What countries legalise assisted dying
Executive summary
A growing but still limited number of countries and subnational jurisdictions legally permit some form of assisted dying, ranging from clinician-administered euthanasia to physician-prescribed lethal drugs for self-administration; the patchwork includes several European countries, Canada, New Zealand, Switzerland, Colombia, parts of Australia and multiple U.S. states and districts [1][2][3]. Laws differ sharply on who qualifies, whether clinicians or patients perform the final act, and whether non‑terminal suffering or minors are included, so “legal” covers a spectrum of practices rather than a single model [4][5].
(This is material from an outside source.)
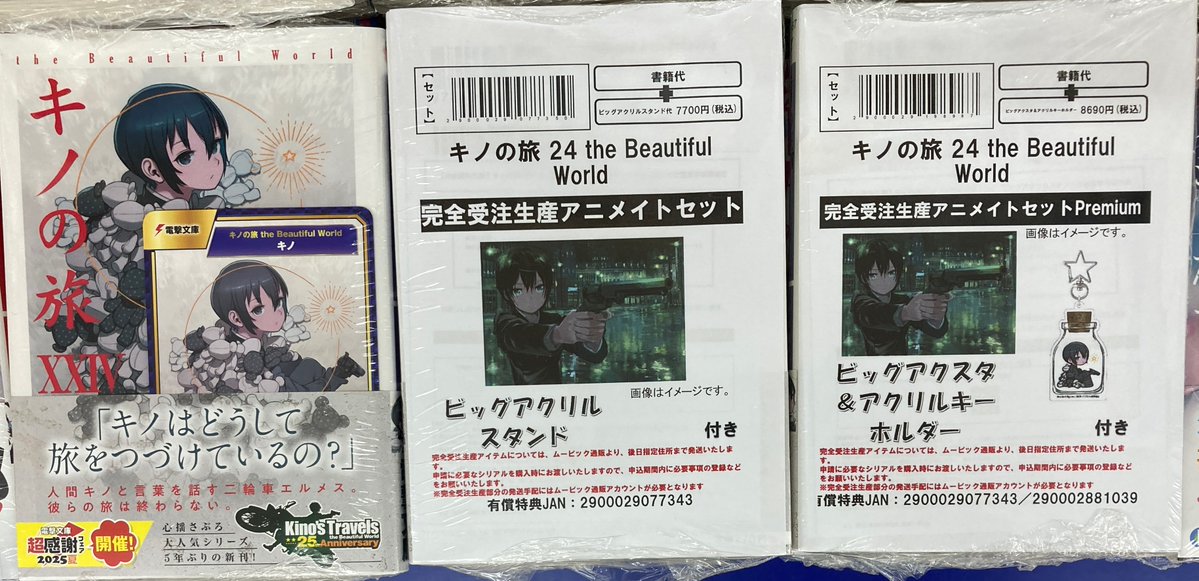 【書籍新刊情報】 「#キノの旅 24」が入荷しましたコォ✨ アニメイト限定セットがございます 購入特典【A.B-T.Cカード・ポストカード】がございます 本日より‼️ 「キノの旅XXⅣ the Beautiful World発売記念アニメイトセット Premium アクリルキーホルダー&ビッグアクリルスタンド付 」開催コォ🎉

1. Who allows assisted dying today: the short list
Countries that have legalised assisted dying in some form include the Netherlands, Belgium, Canada, Colombia, Luxembourg, New Zealand, Switzerland, Spain, Germany and Austria, and several others have statutory or court‑driven regimes; Switzerland has permitted assisted suicide since 1942 and remains distinctive for allowing organisations to help foreigners [1][3][6]. In Australia the law is set by states and all six mainland states have enacted voluntary assisted dying laws between 2019 and 2022, now in effect across the country [1][7]. In the United States, medical aid in dying is legal in multiple states and the District of Columbia — commonly counted as ten states plus DC in recent coverage, with jurisdictions varying slightly depending on timing (examples cited include California, Colorado, Hawaii, Montana, Maine, New Jersey, New Mexico, Oregon, Vermont and Washington, plus DC) [2][8].
2. Not all ‘legalisation’ looks the same: euthanasia vs assisted suicide
Some jurisdictions permit physician‑administered euthanasia (active euthanasia), others permit physician‑assisted suicide (where the patient self‑administers prescribed lethal medication), and some allow both under differing safeguards; the Netherlands and Belgium authorise both euthanasia and assisted suicide under conditions, while many U.S. laws permit only prescribed drugs the patient must take themselves [5][1][2]. Switzerland’s long‑standing model focuses on non‑selfish motives and has allowed third‑party assistance through organisations, a model distinct from the tightly regulated statutory systems elsewhere [3][6].
3. Who qualifies — and who doesn’t — varies sharply
Eligibility rules diverge: several European countries permit assisted dying beyond strictly terminal illness to people with “unbearable suffering,” and Belgium even allows requests in some psychiatric cases and has specific provisions for minors under age thresholds, while many U.S. and Australian laws restrict access to mentally competent adults with terminal prognoses [3][8][9]. Statutory safeguards, residency or citizenship requirements, mental competency assessments and waiting periods all differ by jurisdiction, meaning eligibility in one country would not automatically translate to eligibility in another [7][4].
4. A recent wave, courtroom battlegrounds and political debates
Legal change has accelerated in the 2010s and 2020s via legislation, referenda and court rulings: Canada legalised medical assistance in dying in 2016 through federal law, New Zealand by referendum in 2020, Austria adopted a law after a court process, and courts in Germany, Italy and Austria have recently removed bans or forced legislative responses [6][10][11]. The issue remains politically contested — for example, Britain debated bills and MPs considered assisted‑dying legislation — and campaigns often hinge on competing frames of personal autonomy, medical ethics and protection of vulnerable people [2][4].
5. Practical consequences and why the map keeps shifting
Implementation challenges — from clinician willingness, pharmacy access to lethal drugs, palliative care capacity and the interpretation of safeguards — mean legalisation on paper produces different real‑world access in different places, a point emphasised in comparative analyses [4][7]. Reporting tracks an expanding but still selective global footprint: some countries permit a broad form of euthanasia, others limited MAID (medical assistance in dying), and several jurisdictions remain in active legal or political review [5][12].
Bottom line
Assisted dying is legally available in a growing but specific set of countries and subnational jurisdictions — notably the Netherlands, Belgium, Canada, Colombia, Luxembourg, New Zealand, Switzerland, Spain, Germany, Austria, all six Australian states and multiple U.S. states and DC — but the precise scope, safeguards and eligibility rules differ markedly from place to place, so “legal” does not mean uniform practice or universal access [1][2][3].